Twelve-Step Spirituality: Part One
A Radical Surrendering
Wednesday, December 11, 2019
Step Three: Made a decision to turn our will and our lives over to the care of God as we understood God. [1]
We each have our inner program for happiness, our plans by which we can be secure, esteemed, and in control, and we are blissfully unaware that these cannot work for us for the long haul—without becoming more and more controlling ourselves. Something has to break our primary addiction, which is to our own power and unworkable programs for happiness and security.
When Jesus taught, “If anyone wants to follow me, let them renounce themselves!” (Mark 8:34; Luke 9:23), I am pretty sure that Jesus meant exactly what Bill W. means in Step Three: a radical surrendering of our will to Another whom we trust more than ourselves.
A common substitute for renouncing our own will is “the myth of heroic sacrifice.” There is a love that sincerely seeks the spiritual good of others, and there is a love that seeks superiority, admiration, and control for itself, even and most especially by doing “good” and heroic things. Suicide bombers, resentful and manipulative people, and codependents are invariably sacrificial. “Codependency” is the disease of those who support and contribute to others’ disease by what we call “enabling” behavior. Sometimes the enabler is sicker than the alcoholic and does not know what to do when the alcoholic enters recovery.

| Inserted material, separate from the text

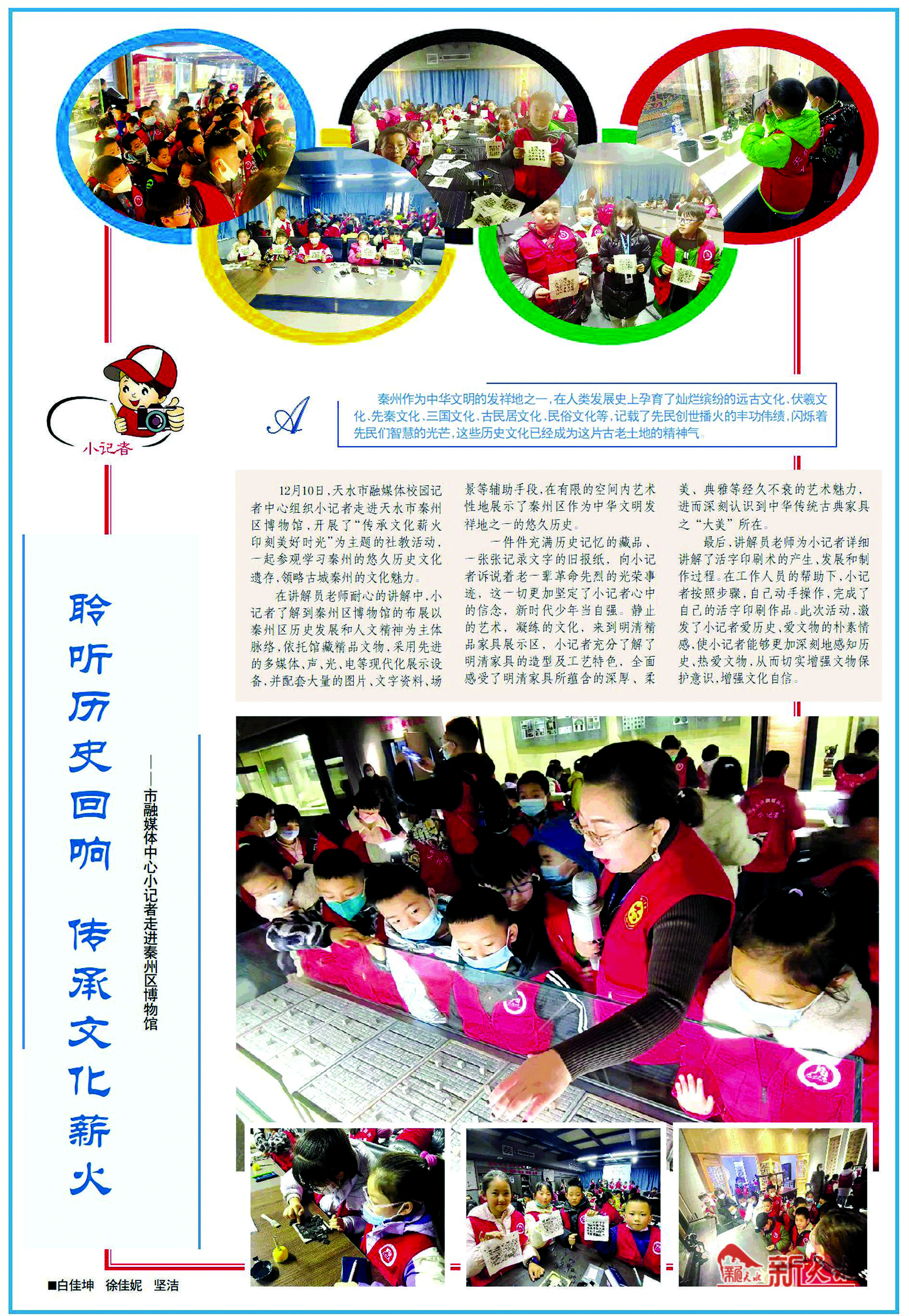 12月10日,天水市融媒體校園記者中心組織小記者走進天水市秦州區(qū)博物館,開展了“傳承文化薪火 印刻美好時光”為主題的社教活動,一起參觀學(xué)習(xí)秦州的悠久歷史文化遺存,領(lǐng)略古城秦州的文化魅力。

Another way we avoid surrender is what Timothy McMahan King, one of our Living School alumni, describes as “the myth of redemptive suffering.” King writes:
Addiction is, by definition, a self-harming behavior. Increasing the amount of harm, through punishment and incarceration, for those struggling with addiction is a failing strategy. . . . When our view of the cross is that God demands blood in order to redeem, it is little surprise we have a country and culture that wants to see people suffer even more before help will be provided. But when we understand a God who enters into our suffering, we see that it is that kind of grace through which we are transformed. [2]
The absolute genius of the Twelve Steps is that it refuses to bless and reward what looks like any moral worthiness game, and it refuses to punish weakness and failure. With Gospel brilliance and insight, AA says that the starting point and, in fact, the continuing point, is not any kind of worthiness at all but in fact unworthiness! (“I am an alcoholic!”) Suddenly religion loses all capacity for elitism. This is what Jesus affirmed in prostitutes and tax collectors and what Paul praised when he said, “It is when I am weak that I am strong” (2 Corinthians 12:10). When the churches forget their own Gospel message, the Holy Spirit sneaks in through the ducts and the air vents, which is what it has done in the Twelve-Step Program and other therapies.
References:
[1] “J,” A Simple Program: A Contemporary Translation of the Book “Alcoholics Anonymous” (Hyperion: 1996), 55.
[2] Timothy McMahan King, Addiction Nation: What the Opioid Crisis Reveals about Us (Herald Press: 2019), 201. King explores how the United States scapegoats addicts, criminalizing addiction rather than focusing on healing or curing the disease. I would add that the “War on Drugs” disproportionately targets people of color and has more racist motivations than justice-oriented ones. See, for example, http://www.drugpolicy.org/issues/race-and-drug-war.
Adapted from Richard Rohr, Breathing Under Water: Spirituality and the Twelve Steps (Franciscan Media: 2011), 20, 21-22, 24-25.